's bl.aagh

BSD, Ruby, Rust, Rambling

gcstool / ruby-gcs

Efficient set membership with Golomb Compressed Sets

[rust] [ruby]

Similar to Bloom Filters, Golomb Compressed sets allow for space-efficient probablistic storage of sets. In other words, you can ask a GCS if it’s seen an object, and retrieve either “absolutely not” or “probably not” in response.

gcstool was my first Rust project, developed primarily to play about with the pwned-passwords-2.0.txt database. It can store all half a billion items with a false-positive rate of 1-in-50 million in just 1.6GB, importing them in just a few minutes, though with fairly high memory requirements.

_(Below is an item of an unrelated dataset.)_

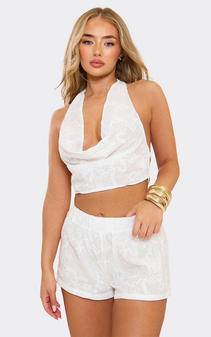 Halterneck Top In White Floral Textured Linen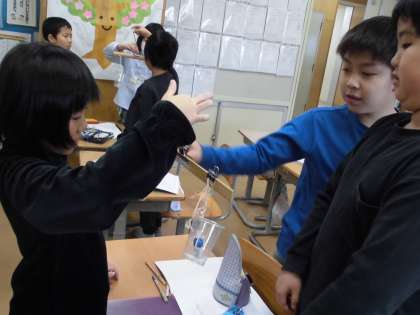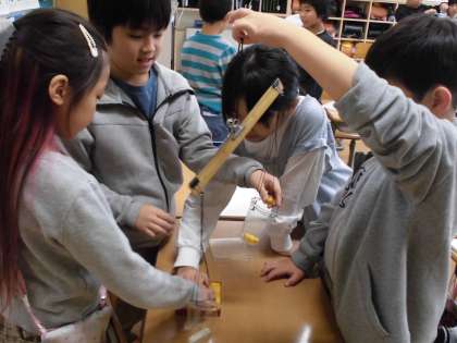積み木のいくつ分の重さを調べ、重さを比較しました。

% gcstool -H hex create -p 50000000 pwned-passwords-2.0.txt pwned-passwords-2.0-p50m.gcs
Estimated memory use for 501452315 items: 3825 MB.
^C now and get a better computer if memory constrained
Hashing: 25072615 of 501452315, 5.0%, 2785847/sec
Hashing: 501452300 of 501452315, 100.0%, 2639223/sec
Hashing complete in 190.42s
Normalise complete in 0.32s
Sort complete in 8.44s
Deduplicate complete in 1.19s
Encode: 25072615 of 501452315, 5.0%, 122306/sec
Encode: 501452300 of 501452315, 100.0%, 1649514/sec
Encode complete in 103.96s
Index complete in 0.04s
Complete in 304.65s
% du -h pwned-passwords-2.0-p50m.gcs
1.6G    pwned-passwords-2.0-p50m.gcs
% gcstool query pwned-passwords-2.0-p50m.gcs
Ready for queries on 501636842 items with a 1 in 50000000 false-positive rate.  ^D to exit.
> password
Found in 0.3ms
> not a leaked password
Not found in 1.7ms
> I love dogs
Found in 0.7ms
> I guess it works
Not found in 0.1ms

ruby-gcs is a reimplementation in Ruby, complete with construction and query capabilities. Somewhere in my to-do list is to make a plugin for the Rodauth authentication system using it for leaked password detection.

Two other Rust projects were spawned from this: linereader, a fast zero-copy line-oriented reader, and bitrw, a bitwise IO library.